The Coversion OF The Robber Chief

Chapter 6 from "Karma" by Paul Carus.

Mahaduta lay quiet for a while to collect his thoughts, and then addressed the samana not without effort:

"Listen honorable sir, I will make a confession: I was the servant of Pandu, the jeweller of Kaushambi, but when he unjustly had me tortured I ran away and became a chief of the robbers. Some time ago when I heard from my spies that Pandu was passing through the mountains, I succeeded in robbing him of a great part of his wealth. Will you go to him and tell him that I have forgiven him from the bottom of my heart for the injury which he unjustly inflicted on me, and ask him, too, to pardon me for having robbed him. While I stayed with him his heart was as hard as flint, and I learned to imitate the selfishness of his character. I have heard that he has become benevolent and is now pointed out as an example of goodness and justice. He has laid up treasures of which no robber can ever deprive him, while I fear that my Karma will continue to linger in the course of evil deeds; but I do not wish to remain in his debt so long as it is still in my power to pay him. My heart has undergone a complete change. My evil passions are subdued, and the few minutes of my life left to me shall be spent in the endeavor to continue after death in the good Karma of righteous aspirations. Therefore inform Pandu that I have kept the gold crown which he wrought for the king, and all his treasures, and have them hidden in a cave near by. There were only two of the robbers under my command who knew of it, and both are now dead. Let Pandu take a number of armed men and come to the place and take back the property of which I have deprived him. One act of justice will atone for some of my sins; it will help to cleanse my soul of its impurities and give me a start in the right direction on my search for salvation."

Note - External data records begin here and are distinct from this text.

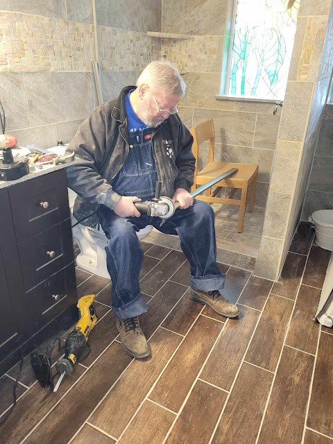 With Jim's arm still kinda of out of commission, I was really looking for jobs for him to do that didn't make him lift his arm over his head, and protecting his shoulder. Jim and Ben call me the project manager, so this was my job. The first suggestion I had was to put the hardware in place in the main level shower. Jim handed me the instruction and called them, "Girl Papers" and it turned out we really needed that girl stuff... Jim had a little problem getting everything to fit together when he realized that one of the screws was not tapped... and we had to go into town and purchase the a tap.. But, in just a little bit, he had the job completed. One step closer to having the bathroom finished.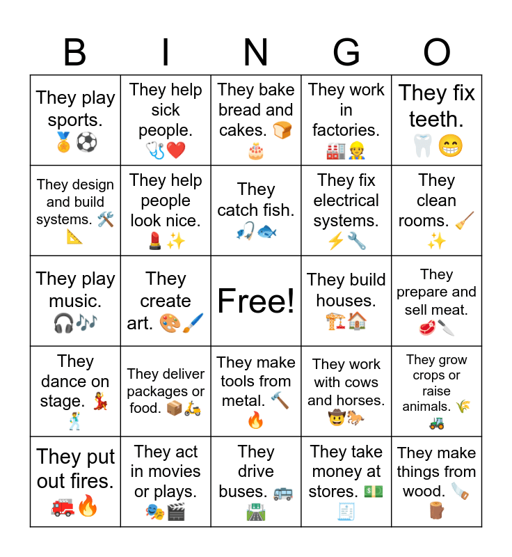 This bingo card has a free space and 30 words: They act in movies or plays. ππ¬, They study old cultures and ruins. πΊπ, They create art. π¨ποΈ, They travel and work in space. ππ, They play sports. π β½, They bake bread and cakes. ππ, They help people look nice. πβ¨, They make tools from metal. π¨π₯, They build houses. ποΈπ , They drive buses. ππ£οΈ, They prepare and sell meat. π₯©πͺ, They make things from wood. πͺπͺ΅, They take money at stores. π΅π§Ύ, They cook food. π¨βπ³π², They clean rooms. π§Ήβ¨, They make people laugh. π€‘π, They work with cows and horses. π€ π, They dance on stage. ππΊ, They deliver packages or food. π¦π΅, They fix teeth. π¦·π, They play music. π§πΆ, They work underwater. π€Ώπ, They help sick people. π©Ίβ€οΈ, They fix electrical systems. β‘π§, They design and build systems. π οΈπ, They work in factories. ππ·, They grow crops or raise animals. πΎπ, They put out fires. ππ₯, They catch fish. π£π and They help people on planes. βοΈπ.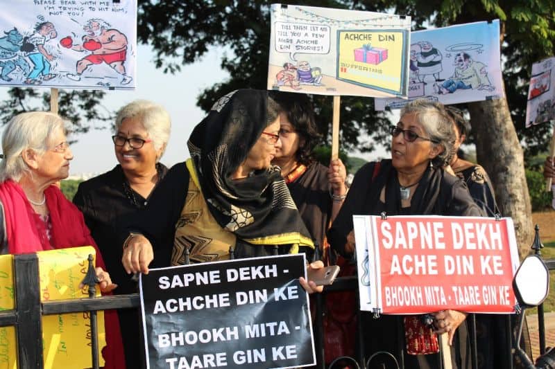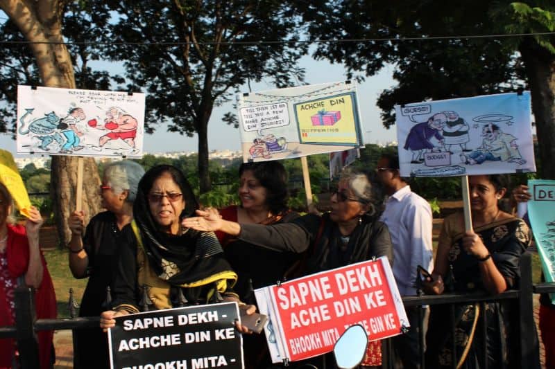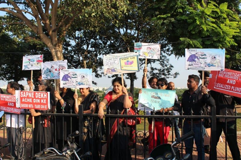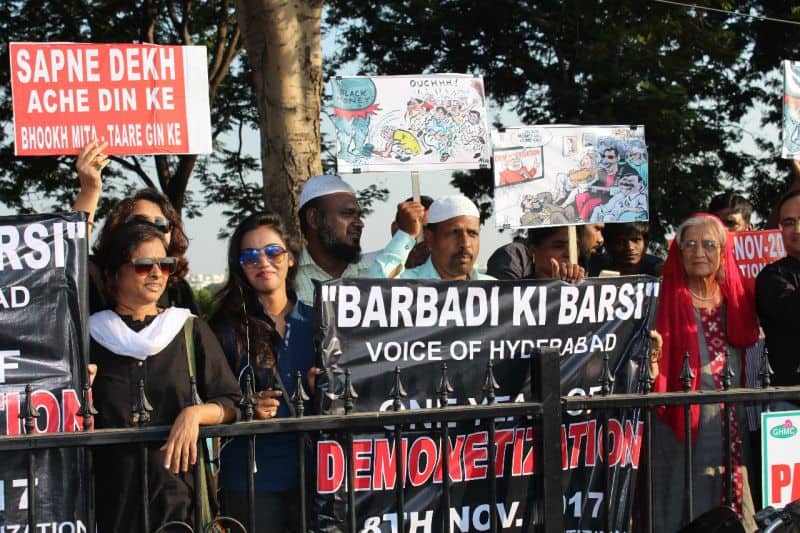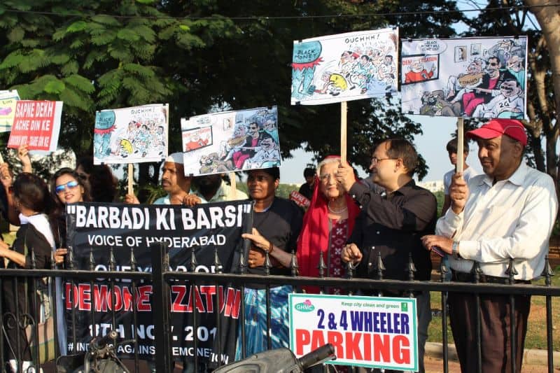 General public, Senior citizens, social activists assembled at Tank Bund on Wednesday to protest against the unprecedented move that pushed Indian economy to brink.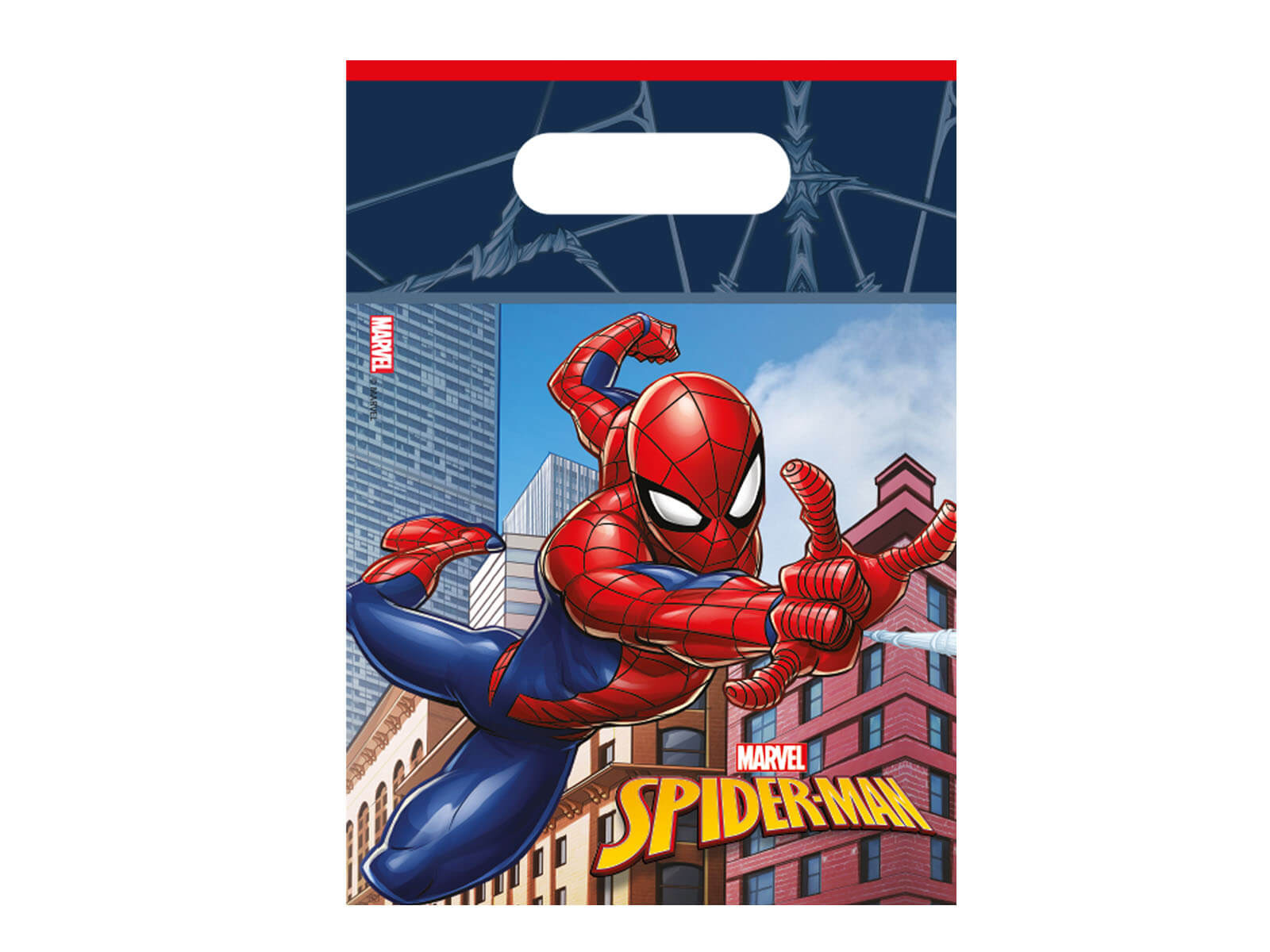 Przedstawiamy zestaw sześciu torebek foliowych z motywem Spiderman, idealny dla małych fanów tego superbohatera! Każda torebka zdobiona jest dynamicznymi akcji "Spiderman Crime Fighter", co sprawia, że są one atrakcyjne i pełne energii. To doskonały wybór na dziecięce urodziny czy tematyczne party.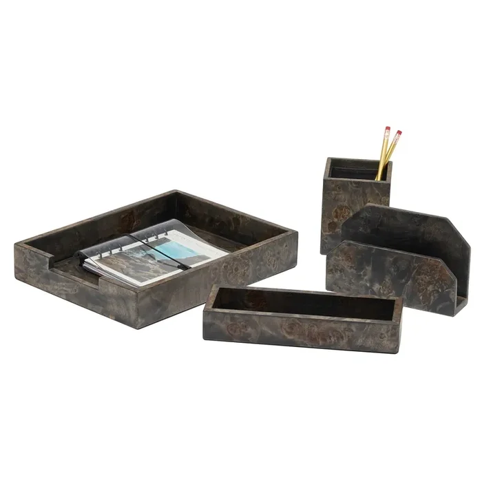 Chandler Ash Gray Mappa Burl Desk Accessory Set
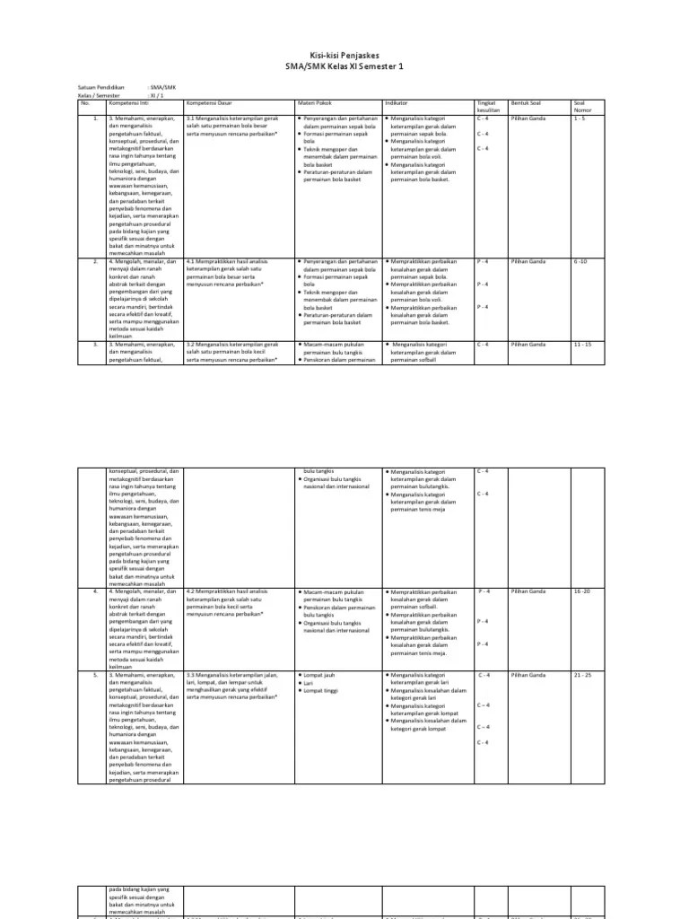 Lihat Kisi Kisi Soal Penjaskes Kelas Xi Sem 1 Pdf |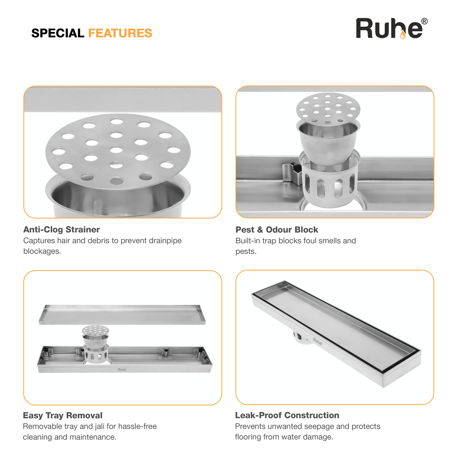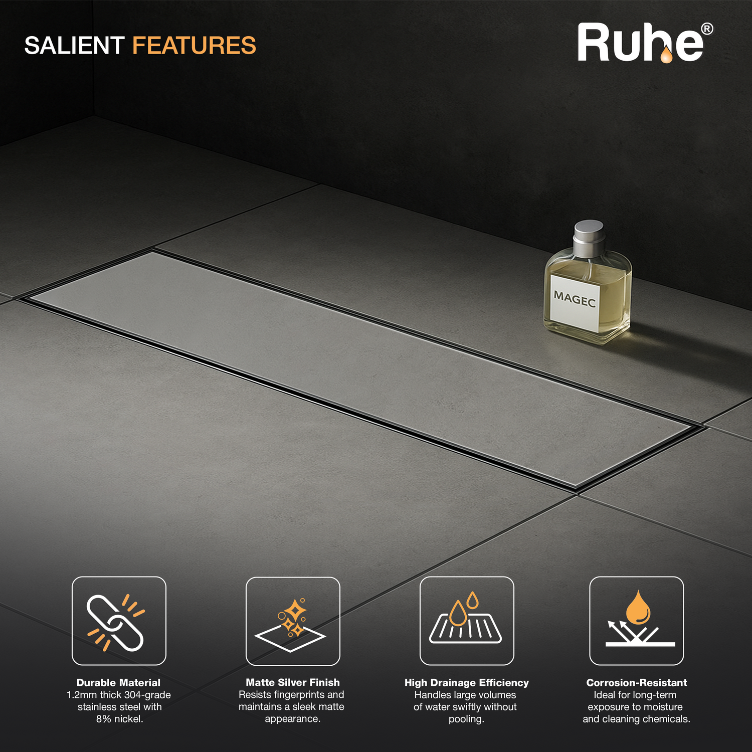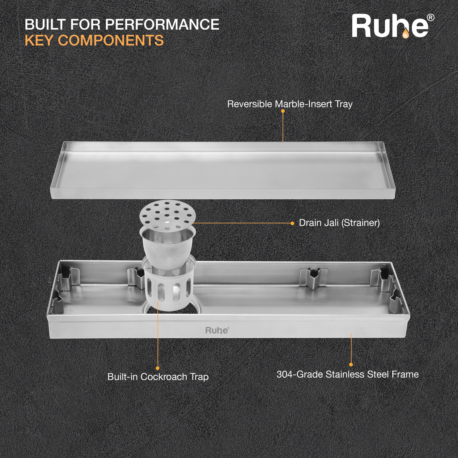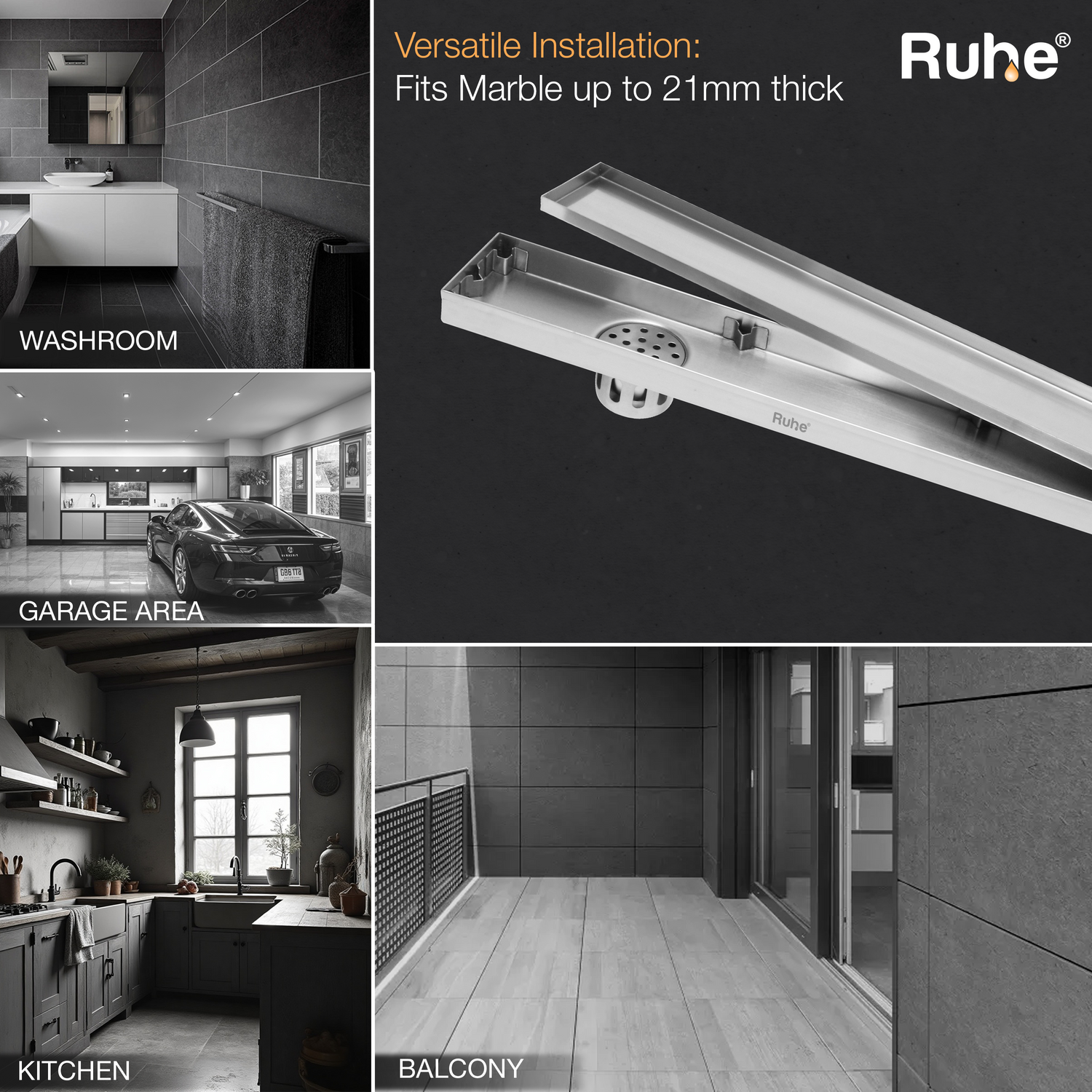 Ruhe Marble insert Shower Drain channels or Invisible Linear Floor Drains built with 1mm Thick 304-Grade Stainless Steel are meant to handle large volumes of water, offer a seamless look, are specially designed for marbles upto 21mm Thick, come with a drain frame, tray, cockroach trap and 10 years warranty.

Then Mahaduta described the location of the cave and fell back exhausted.

For a while he lay with closed eyes, as though sleeping. The pain of wounds had ceased, and he began to breathe quietly; but his life was slowly ebbing away, and now he seemed to awake, as from a pleasant dream.

"Venerable sir," said he, "what a blessing for me that the Buddha came upon earth and taught you and made our paths meet and made you comfort me. While I was dozing I beheld as in a vision the scene of the Tathagata's finat entering into Nirvana. In former years I saw a picture of it which made a deep impression on my mind, and the recollection of it is a solace to me in my dying hour."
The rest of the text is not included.